RECORDS PROVIDED
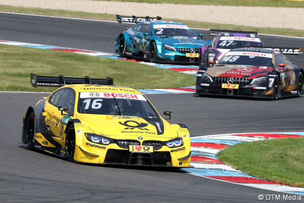 Auer attaquait Glock, mais les deux voitures sortaient un peu trop large, Philipp Eng en profitant pour les passer tous les deux. Eng n'allait cependant pas conserver la première place, car Edoardo Mortara, bien revenu et qui avait très bien géré son arrêt, prenait le meilleur sur la BMW et l'emportait avec moins d'une seconde d'avance sur Timo Glock qui avait réussi dans les derniers instants à passer Eng, ce dernier décrochant son premier podium en DTM. Pour Mortara, c'était le neuvième succès en DTM, mais le premier pour Mercedes-Benz, les huit précédents ayant été obtenus avec une Audi.Timo Glock prend un peu de champ au classement pilotes dont il est le leader avec 62 points contre 45 à Gary Paffett (Mercedes-AMG), 37 à Mortara et 33 à Auer. Le mieux classé des pilotes Audi est Mike Rockenfeller, septième avec 18 points.Le classement est là
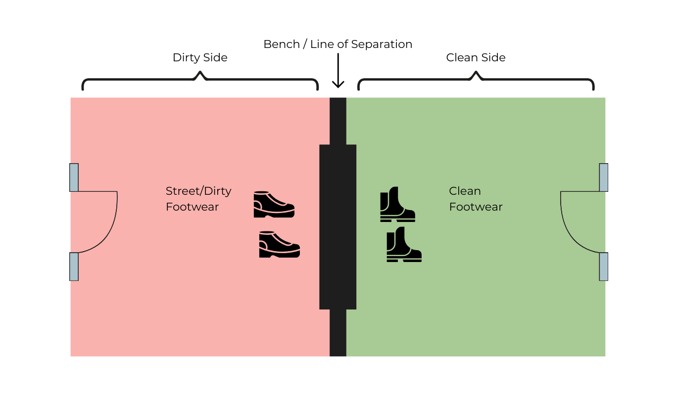 We use Danish Entry systems at critical lines of separation by utilizing a bench across an opening to prevent cross-contamination. A person has separate footwear on each side of the bench. As you take off your shoes on one side of the bench, you swing your legs over the bench to put on your other footwear. Never let your stocking feet touch the floor. Booties can also be put on, if you don’t have alternative footwear. It is a good idea to have hand sanitizer available after changing shoes.
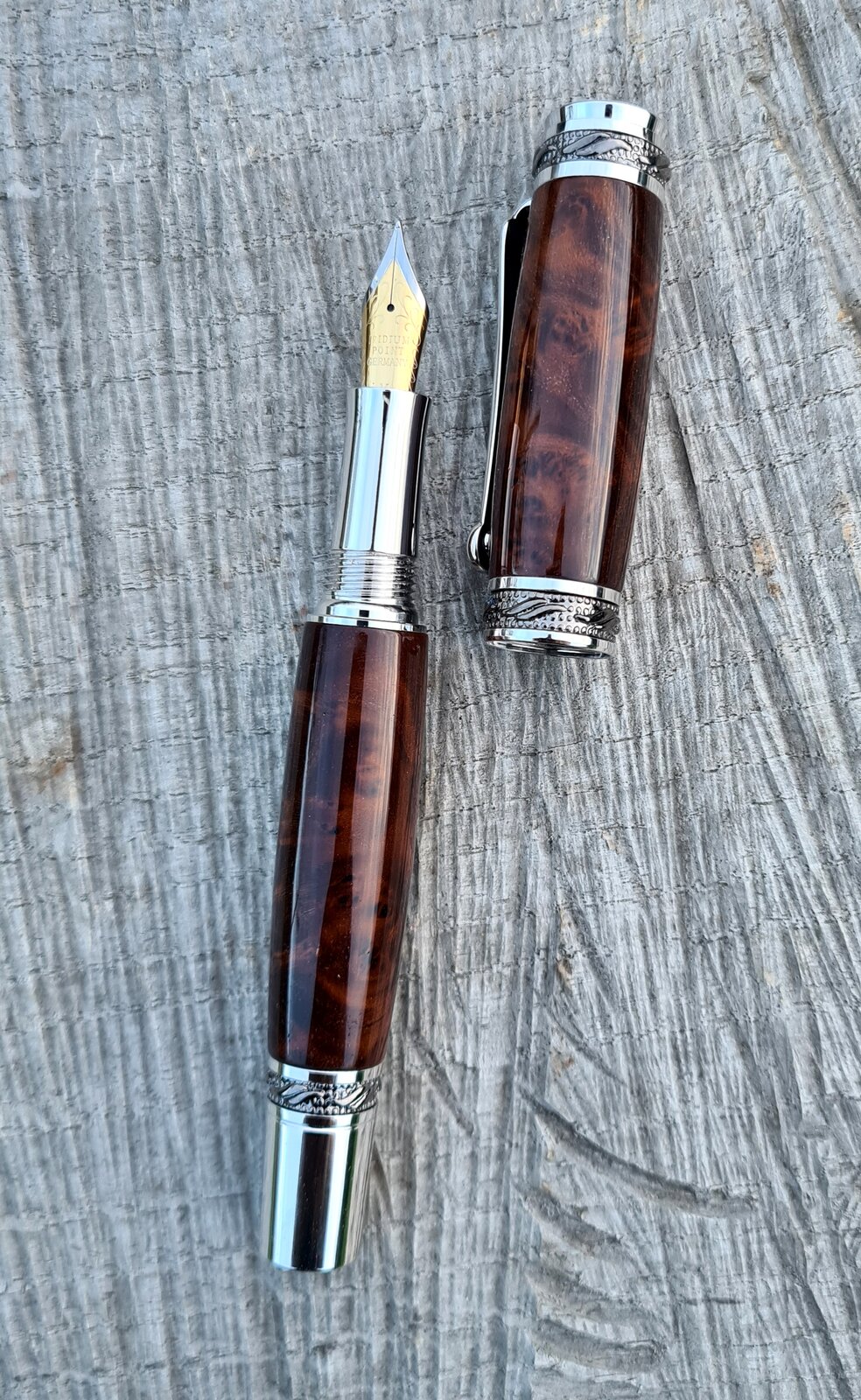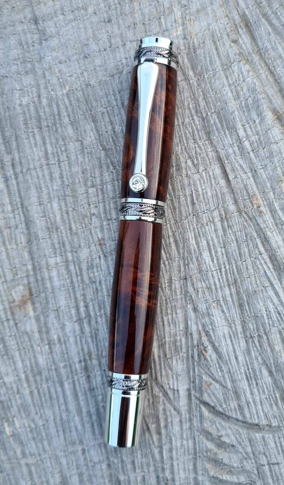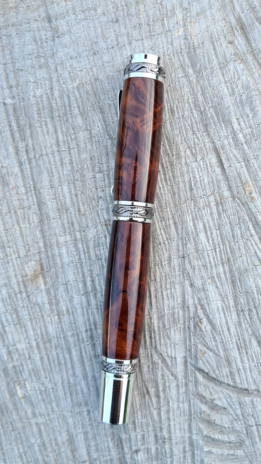 I paired it with some stabilised Russian olive burl, which is tricky to capture the chatoyance and beauty within. Ca finish
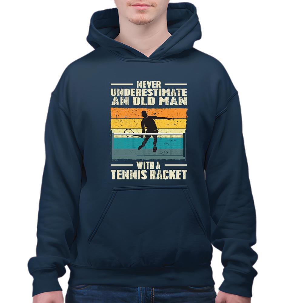 Tennis Player never underestimate an old man with a Tennis Racket Navy and Muticolor Unisex Hoodie
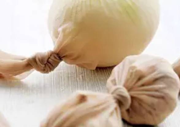取一个干净的丝袜,将一个洋葱放进去,打结再继续加洋葱,然后将丝袜挂起来,放在通风阴凉的地方,能有效延长洋葱的保存时间。
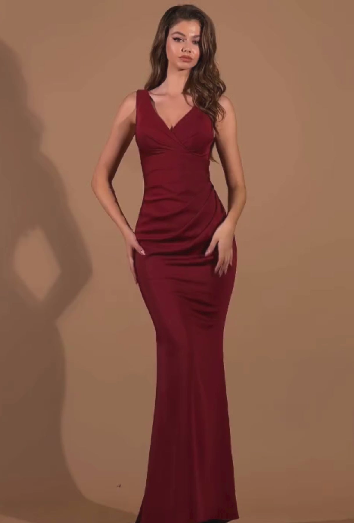 This stunning full length evening gown is crafted out of a soft suiting crepe and features a crossover style top with a boned bodice, flattering front drape detailing and a mermaid style skirt with small train.
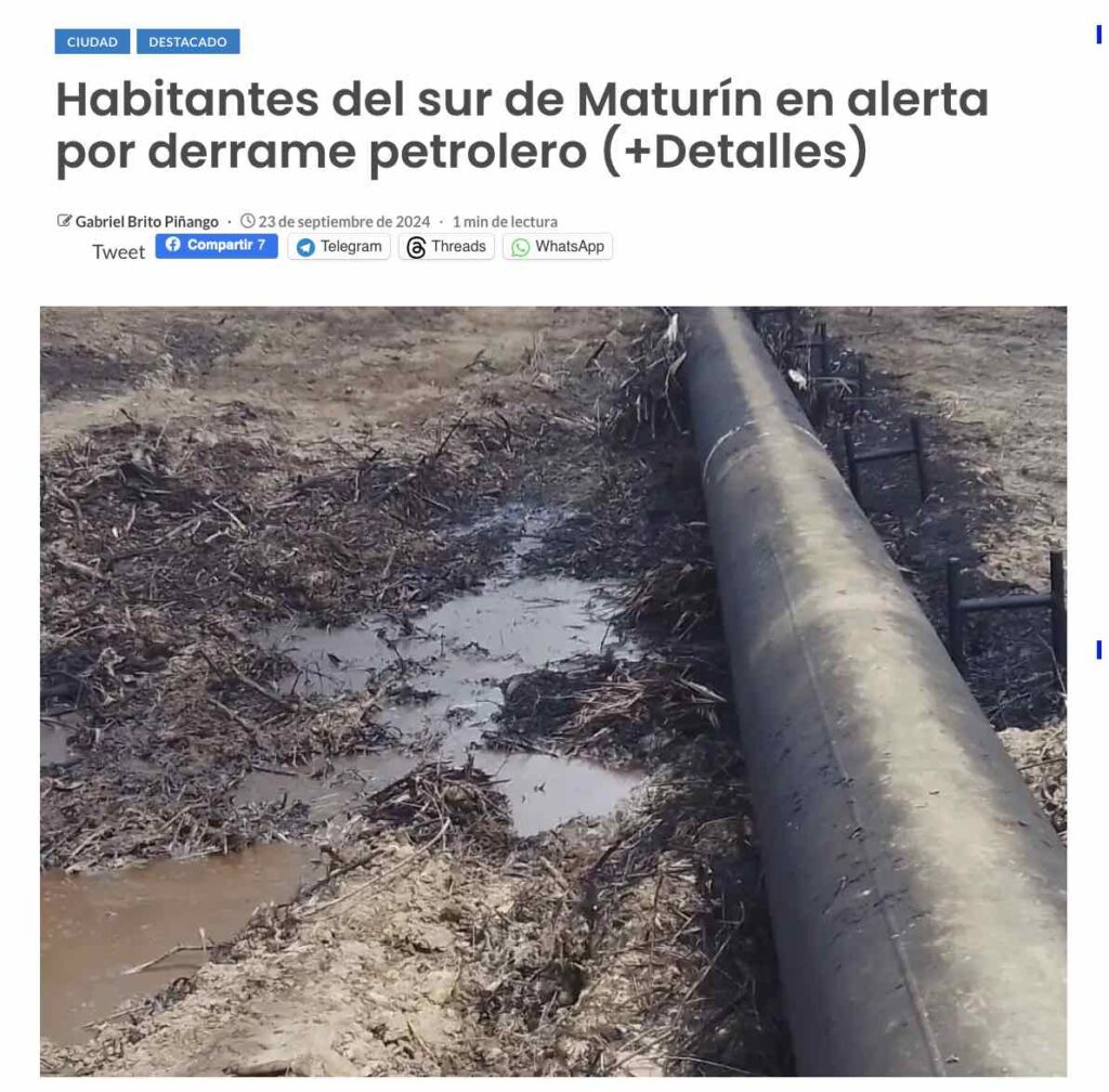 El 24 de septiembre, la avería de un oleoducto, ocasiono un derrame de petróleo en el sur de Maturín, en el estado Monagas. Al menos dos comunidades han sido afectadas por este derrame, que tiene dos meses activo, según reportaje de medio local.
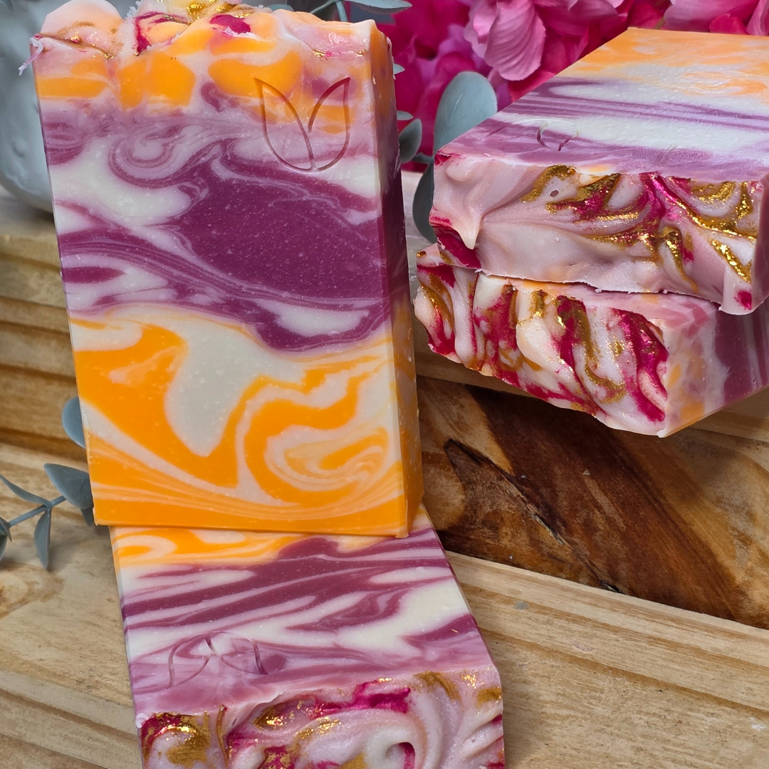 El jabón artesanal de mango combina la manteca de semilla y el puré de mango para brindar hidratación y suavidad, ayudando a mantener la piel nutrida y con una textura suave y saludable. Su fragancia jugosa, con notas de mango y frutas tropicales es delicioso. Este jabón, en todo aspecto, será un plaser para tus sentidos y convertirá la rutina de higiene diaria en un momento refrescante y lleno de energía.
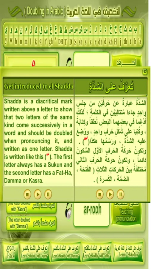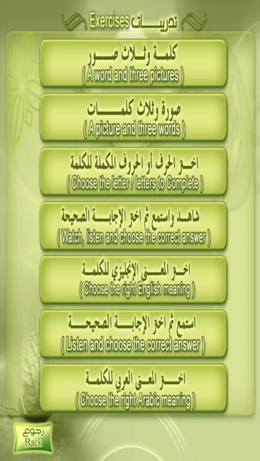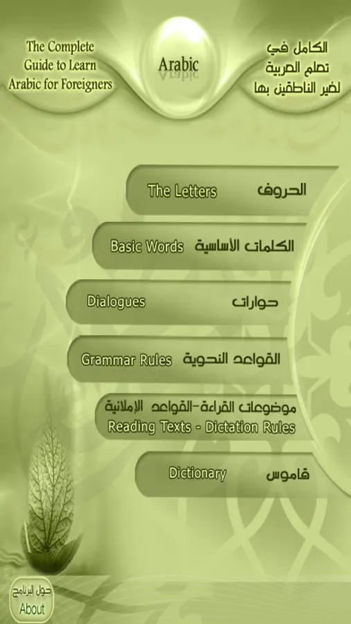 The program consists of six different educational subjects that each one includes a group of lessons considered a complete educational workshop for teaching Arabic for foreigners. It trains the user on the following four language skills: listening, speaking, reading, and writing. These skills need grammar to be acquired which are available in this program. Therefore, there would be a study to every part of the language skills along with grammar, words, and expressions in the form of complete units.
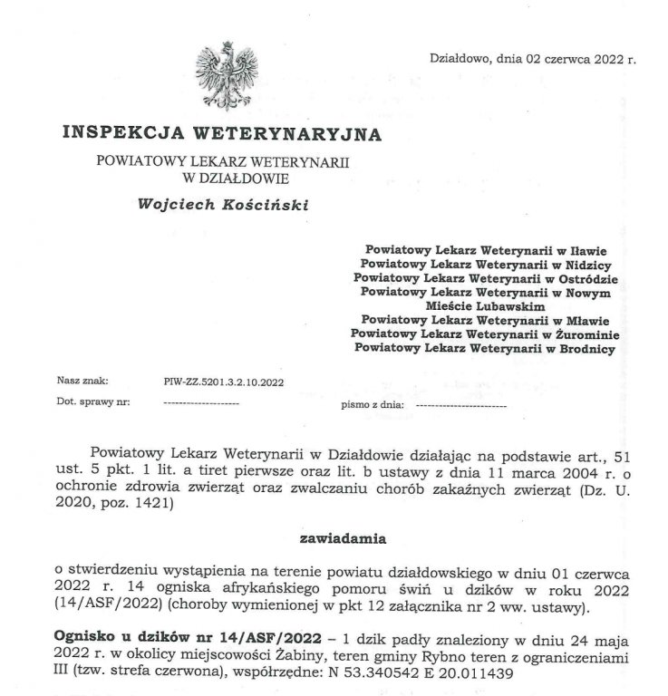 Powiatowy Lekarz Weterynarii w Działdowie zawiadamia o stwierdzeniu kolejnego ogniska afrykańskiego pomoru świń na terenie powiatu działdowskiego.
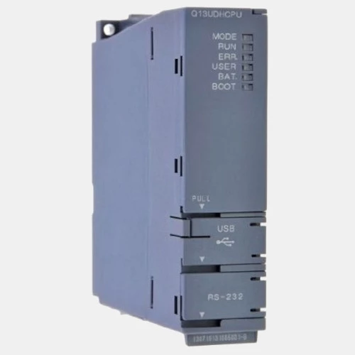 Sterownik PLC Melsec-Q Q13UDHCPU Mitsubishi Electric został wyposażony w 130 tysięcy kroków pamięci programu. Jednostka centralna Melsec system Q Q13UDHCPU może zostać rozbudowana do 4096 lokalnych punktów wejść/wyjść oraz 8192 punktów wejść/wyjść lokalnych wraz z rozproszonymi. Producent wyposażył sterownik PLC Q13UDHCPU w port USB oraz port RS232. Czas cyklu dla tej jednostki głównej Melsec-Q Mitsubishi wynosi 9,5 ns dla LD oraz 19 NS dla MOV. Sterownik PLC Q Mitsubishi został wyposażony w kompaktową obudowę o wymiarach: 27,4mm x 98mm x 89,3mm oraz wadze 0,22kg
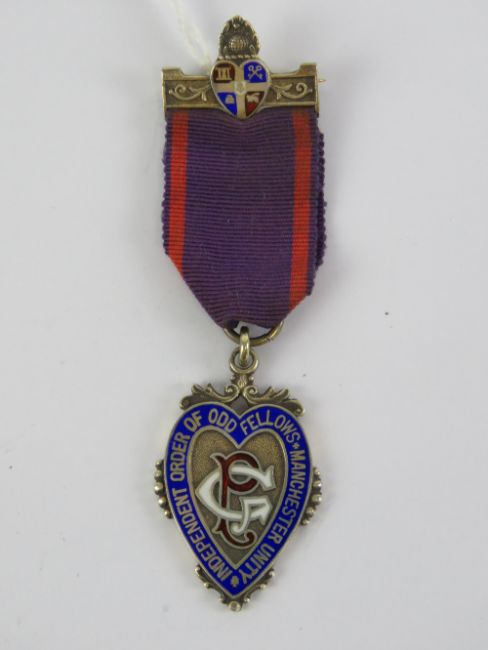 Independent Order of Odd Fellows Manchester Unity; a HM silver and enamel jewel medal with ribbon 'presented to Sister Edith Martin PG by Director E. Heather GM...1929', jewel hallmarked London, bar marked sterling silver.

THE TASK
Given the listing above, repeat exactly the lines starting at the one with "El jabón artesanal" and ending at the one with "Powiatowy Lekarz Weterynarii", inclusive, excluding pictures.

WRITTEN ANSWER
 El jabón artesanal de mango combina la manteca de semilla y el puré de mango para brindar hidratación y suavidad, ayudando a mantener la piel nutrida y con una textura suave y saludable. Su fragancia jugosa, con notas de mango y frutas tropicales es delicioso. Este jabón, en todo aspecto, será un plaser para tus sentidos y convertirá la rutina de higiene diaria en un momento refrescante y lleno de energía.
 The program consists of six different educational subjects that each one includes a group of lessons considered a complete educational workshop for teaching Arabic for foreigners. It trains the user on the following four language skills: listening, speaking, reading, and writing. These skills need grammar to be acquired which are available in this program. Therefore, there would be a study to every part of the language skills along with grammar, words, and expressions in the form of complete units.
 Powiatowy Lekarz Weterynarii w Działdowie zawiadamia o stwierdzeniu kolejnego ogniska afrykańskiego pomoru świń na terenie powiatu działdowskiego.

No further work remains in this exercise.